> _Work request_
Reproduce the full listing below unchanged, apart from the pictures.

> _Supplied data_
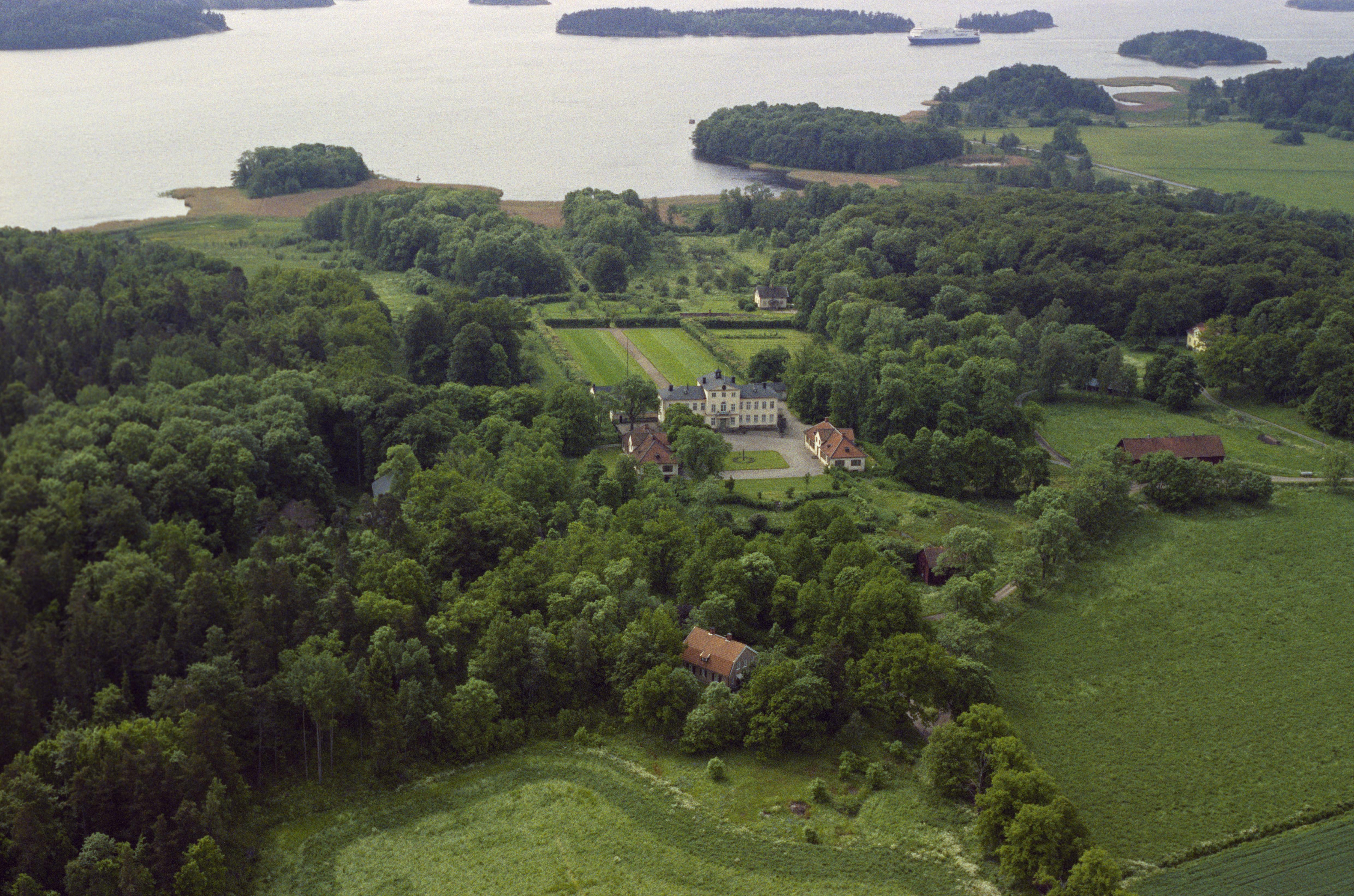 Beskrivning: Östanå slott vid Loån. Nere till vänster gravfält RAÄnr Roslags-Kulla 21:1. I bildens övre del Roslagens skärgård mot Ljusterö socken. Bilden är tagen mot (väderstreck): S
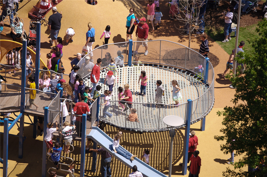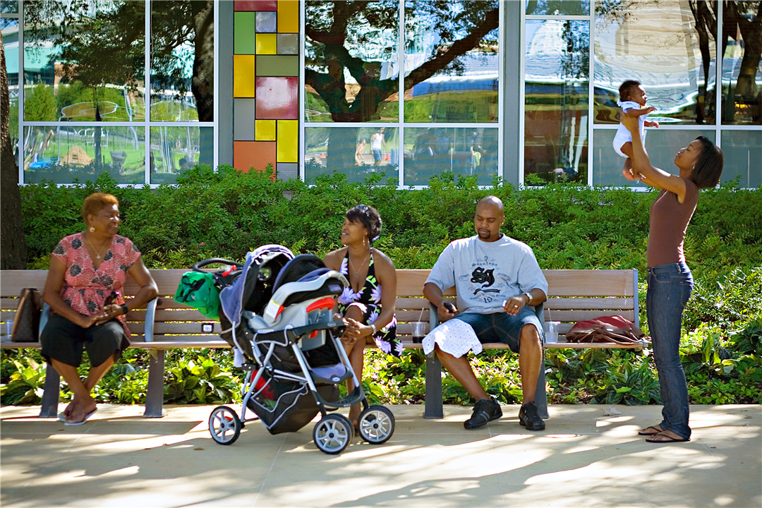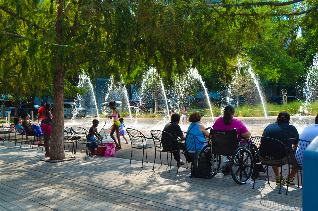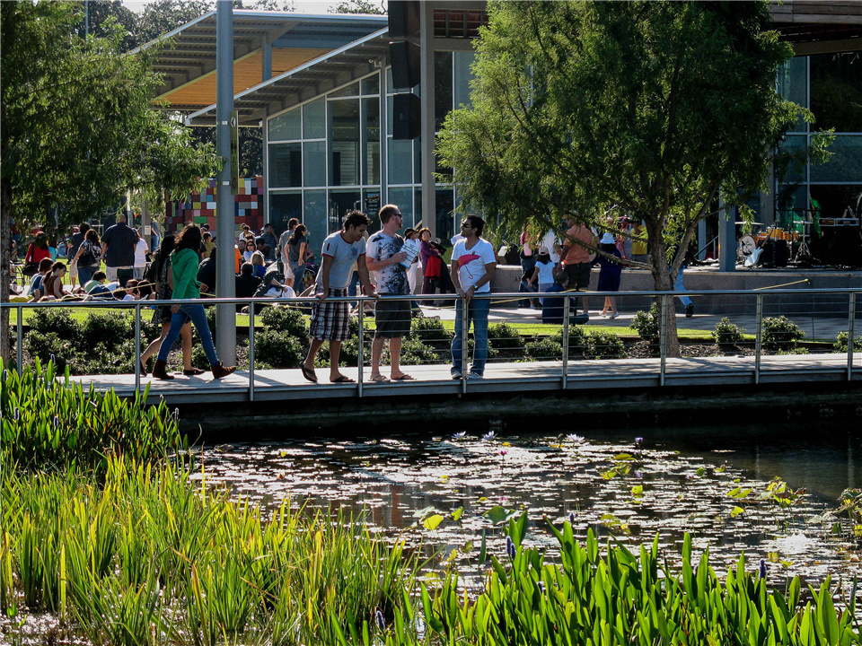 A hugely successful 12-acre park on the east side of downtown Houston, Texas, Discovery Green features a great lawn, amphitheater stage and bandstand, promenade, pond, interactive fountain, playground, gardens, dog runs, picnic areas, putting green, public art, two restaurants, a park office and restroom building, and a 600-car underground parking garage. Located adjacent to the George R. Brown Convention Center, the park has stimulated the development of an adjacent residential tower with ground-level retail, an office tower and two hotels while increasing convention business. Discovery Green features approximately 400 programmed activities annually and has been visited by millions since its dedication in 2008.
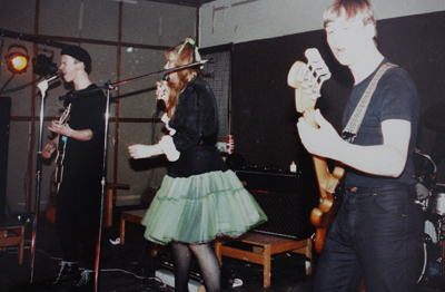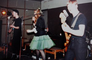 The band was Self: guitar and vox, Keith: bass, Stalker (AKA Simon Stalk/ Stalker Suave) drums and later, Jill: frilly dresses and vox. and of course our ‘honourary’ member roadie and sometime driver, Naughty Nige. We set out with a true punk ‘Do it yourself’ ethic. I could play guitar, but neither Keith nor Stalker had instruments let alone the ability to play them. We all worked during the summer 1980, and by the september had the basic gear and a sufficient level of musicianship to get us off the ground. The Jam was our loose template. I wrote most of the songs, which were mainly comments on what I saw or heard around me, or personal relationships. For instance there was one song we played which (although he never realised it) was a commentary on my deteriorating relationship with the drummer. I’ve got to say, all things considered we did develop into a tight little unit, and although only a threesome, with nothing much to fill out the sound: no keyboards, effects or suchlike, we made a pretty good noise, largely the result of Keith’s intelligent and solid bass playing which allowed Stalker the framework around which to build his machine gun fills and thumping bass kick.

> _Answer section_
 Beskrivning: Östanå slott vid Loån. Nere till vänster gravfält RAÄnr Roslags-Kulla 21:1. I bildens övre del Roslagens skärgård mot Ljusterö socken. Bilden är tagen mot (väderstreck): S
 A hugely successful 12-acre park on the east side of downtown Houston, Texas, Discovery Green features a great lawn, amphitheater stage and bandstand, promenade, pond, interactive fountain, playground, gardens, dog runs, picnic areas, putting green, public art, two restaurants, a park office and restroom building, and a 600-car underground parking garage. Located adjacent to the George R. Brown Convention Center, the park has stimulated the development of an adjacent residential tower with ground-level retail, an office tower and two hotels while increasing convention business. Discovery Green features approximately 400 programmed activities annually and has been visited by millions since its dedication in 2008.
 The band was Self: guitar and vox, Keith: bass, Stalker (AKA Simon Stalk/ Stalker Suave) drums and later, Jill: frilly dresses and vox. and of course our ‘honourary’ member roadie and sometime driver, Naughty Nige. We set out with a true punk ‘Do it yourself’ ethic. I could play guitar, but neither Keith nor Stalker had instruments let alone the ability to play them. We all worked during the summer 1980, and by the september had the basic gear and a sufficient level of musicianship to get us off the ground. The Jam was our loose template. I wrote most of the songs, which were mainly comments on what I saw or heard around me, or personal relationships. For instance there was one song we played which (although he never realised it) was a commentary on my deteriorating relationship with the drummer. I’ve got to say, all things considered we did develop into a tight little unit, and although only a threesome, with nothing much to fill out the sound: no keyboards, effects or suchlike, we made a pretty good noise, largely the result of Keith’s intelligent and solid bass playing which allowed Stalker the framework around which to build his machine gun fills and thumping bass kick.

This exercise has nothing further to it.